Supplied material:
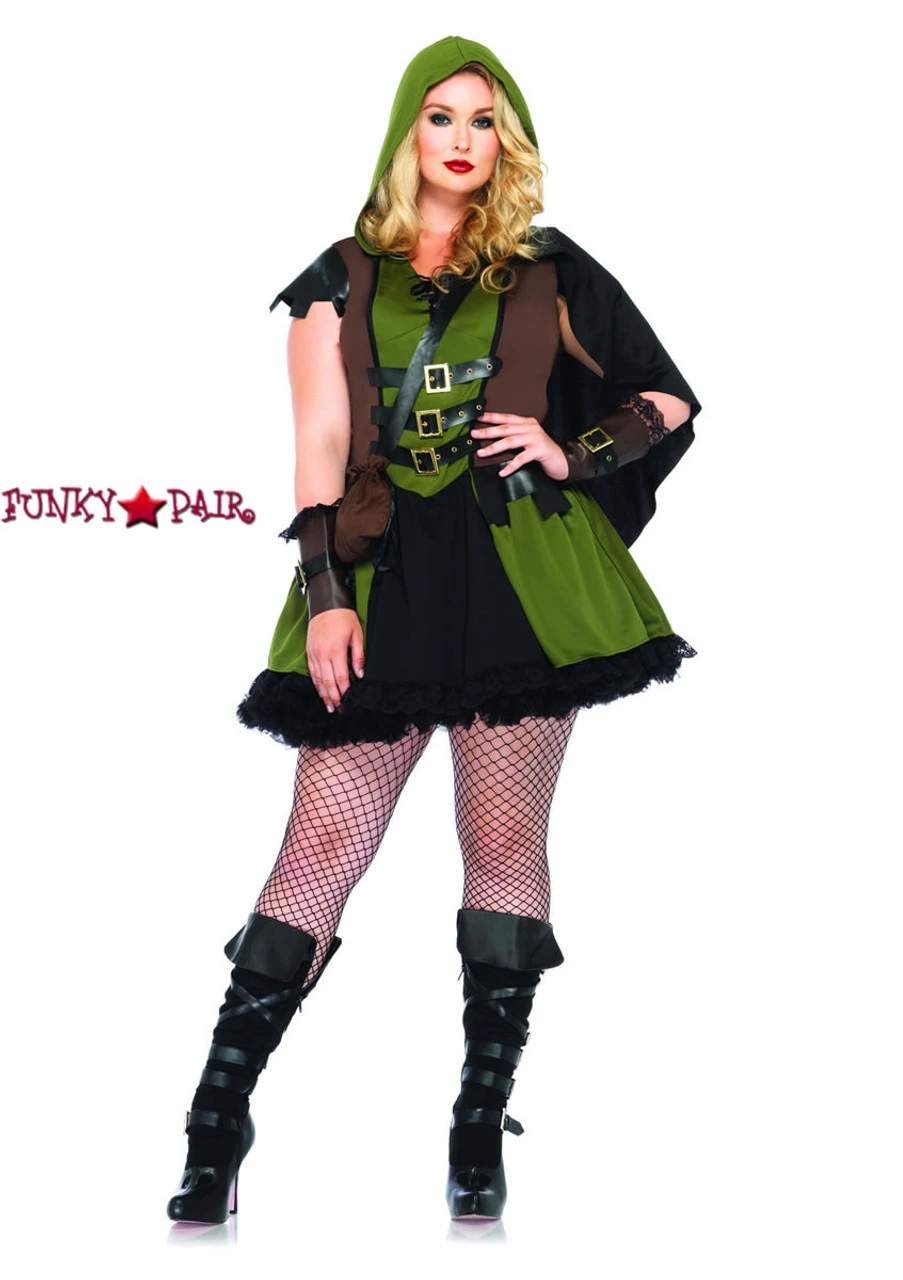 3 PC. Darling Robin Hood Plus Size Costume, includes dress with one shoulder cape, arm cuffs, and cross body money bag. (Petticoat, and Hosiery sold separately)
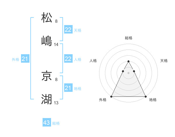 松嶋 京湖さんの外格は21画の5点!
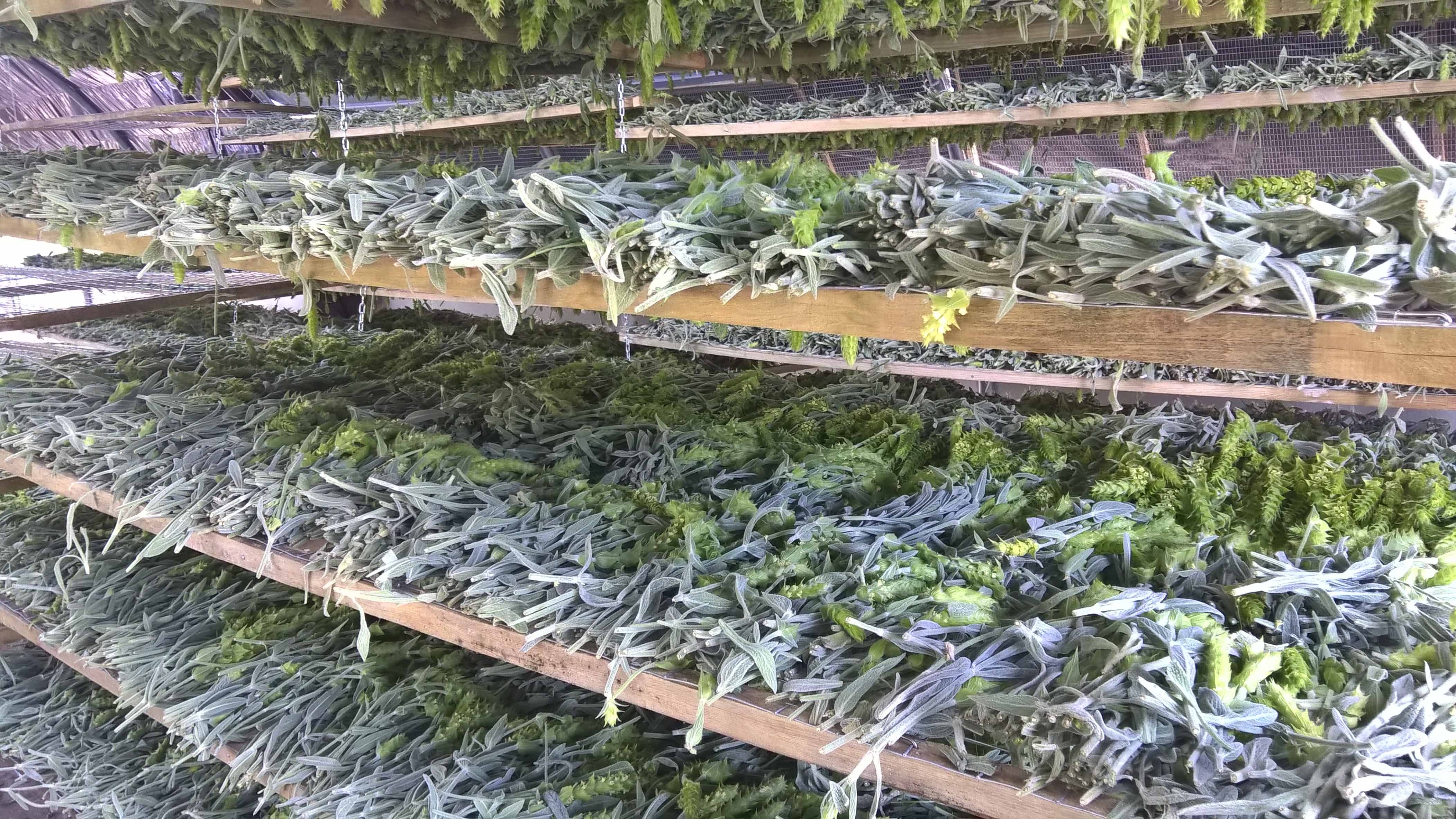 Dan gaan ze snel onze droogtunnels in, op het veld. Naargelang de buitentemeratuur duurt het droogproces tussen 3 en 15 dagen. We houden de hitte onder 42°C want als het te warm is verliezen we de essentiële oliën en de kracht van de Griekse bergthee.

Exercise description: Beginning at the first line of the listing, print each line exactly until and including the one that has "松嶋 京湖さんの外格は21画の5点!"; skip pictures.

Answer to the exercise:
 3 PC. Darling Robin Hood Plus Size Costume, includes dress with one shoulder cape, arm cuffs, and cross body money bag. (Petticoat, and Hosiery sold separately)
 松嶋 京湖さんの外格は21画の5点!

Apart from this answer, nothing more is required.